Impact
Like many other Supreme Court cases related to racial justice, Shelley v. Kraemer’s enforcement and impact left many of its goals and ambitions unrealized. Notions of white popular sovereignty were not altered by the case, and were often even strengthened, leading to a wave of reactionary protests and violence from white homeowners seeking to maintain segregation in their neighborhoods (Gonda, 195). Institutions, both private and public, also found new loopholes and alternative means to uphold covenants or other forms of discriminations. The FHA did not alter its own policies to stop insuring mortgages to properties with covenants until 1949, and even then only applied this policy to newly established covenants added to deeds after the date of February 15th, 1950 (Rothstein, 87). This gap in enforcement allowed white property owners and developers time to add covenants to their property deeds without facing penalties for doing so. Yet developers and community associations found new ways to continue discrimination without explicitly racial covenants, including clauses that required any sale of property within the neighborhood be subject to vote within the association (Rothstein, 88). Even after the Shelley ruling, covenant cases continued to be brought to state-level court in the five years following, two of which upheld racial discrimination (Rothstein, 90). The creation of covenants mostly stopped after the 1950’s, but many were never taken out of their deeds and still remain today.

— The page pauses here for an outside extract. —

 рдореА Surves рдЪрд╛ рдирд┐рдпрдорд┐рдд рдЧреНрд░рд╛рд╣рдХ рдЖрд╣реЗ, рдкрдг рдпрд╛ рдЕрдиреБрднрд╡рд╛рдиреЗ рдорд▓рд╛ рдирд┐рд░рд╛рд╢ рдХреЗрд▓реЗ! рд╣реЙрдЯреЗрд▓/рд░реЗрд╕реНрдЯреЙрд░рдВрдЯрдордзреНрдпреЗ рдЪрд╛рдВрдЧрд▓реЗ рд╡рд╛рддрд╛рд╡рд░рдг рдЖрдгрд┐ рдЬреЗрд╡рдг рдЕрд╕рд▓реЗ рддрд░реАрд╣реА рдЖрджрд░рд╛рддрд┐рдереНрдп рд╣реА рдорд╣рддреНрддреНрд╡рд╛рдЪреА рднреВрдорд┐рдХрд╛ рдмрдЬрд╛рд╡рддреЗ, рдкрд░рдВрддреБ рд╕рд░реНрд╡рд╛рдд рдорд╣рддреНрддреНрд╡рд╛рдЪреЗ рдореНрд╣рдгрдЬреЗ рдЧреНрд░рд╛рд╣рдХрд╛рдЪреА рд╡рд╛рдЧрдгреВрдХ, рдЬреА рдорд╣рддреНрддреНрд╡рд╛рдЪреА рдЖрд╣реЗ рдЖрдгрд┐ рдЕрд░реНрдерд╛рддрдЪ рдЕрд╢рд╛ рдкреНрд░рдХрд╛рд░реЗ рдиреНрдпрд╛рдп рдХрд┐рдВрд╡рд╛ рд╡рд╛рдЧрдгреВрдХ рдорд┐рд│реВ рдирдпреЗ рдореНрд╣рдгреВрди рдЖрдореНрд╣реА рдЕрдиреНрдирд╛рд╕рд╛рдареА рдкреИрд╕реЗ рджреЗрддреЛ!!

Shelley’s actual impact on racial integration of cities is still contested. Though segregation in urban areas declined somewhat in the 1950’s, its levels remained stagnant throughout the next two decades (Darden 681-682). Where Black families did get the chance to move into middle class urban neighborhoods, its positive impact on integration was often negated by “white flight”, the movement of white people away from diverse areas and often into the suburbs; still, Black families benefited from increased access to home ownership within cities, although these benefits mostly served those families already within the middle class (Gonda, 204). Though the decades following the case saw an increase in suburbanization of both Black and white populations, Black families were more likely to move into suburbs that were closer to cities, had a lower average socioeconomic status, and were more densely populated, while most wealthy, white suburbs did not see an increase in integration (Darden, 682).
Although Shelley did not remedy racial housing disparities as much as activists originally hoped, it still led to an increase in the amount and quality of properties available to Black homeseekers in urban areas across the country. Moreover, the case represented a more hopeful future for housing integration, both in the increased protections it offered for homeseekers and the legal precedent it set for future cases (Gonda, 207). Shelley’s more expansive view of state action was a stepping stone for later legal challenges of the “separate but equal” doctrine in the realm of housing and beyond.
As Crenshaw argues, the fight for racial equality can often leave us in the ambiguity between winning and losing, between important progress and reactionary movements and the new forms of institutional racism that come with them. Many scholars argue that the banning of racial covenants and other forms of explicit discrimination has given way to the era of “color-blind racism”, marked by the ideas that American society is a meritocracy and all groups should be treated identically under the law (Tran, 12). This shift has led discussions of disparities in housing to be treated with more neutral language, using terms like “density” and “socioeconomic status” to address gaps that were created by explicit racial discrmination (Connolly). Yet these disparities cannot be fully addressed and solved without knowledge of this complicated history of racialization, making our understanding of cases such as Shelley and their impacts all the more important.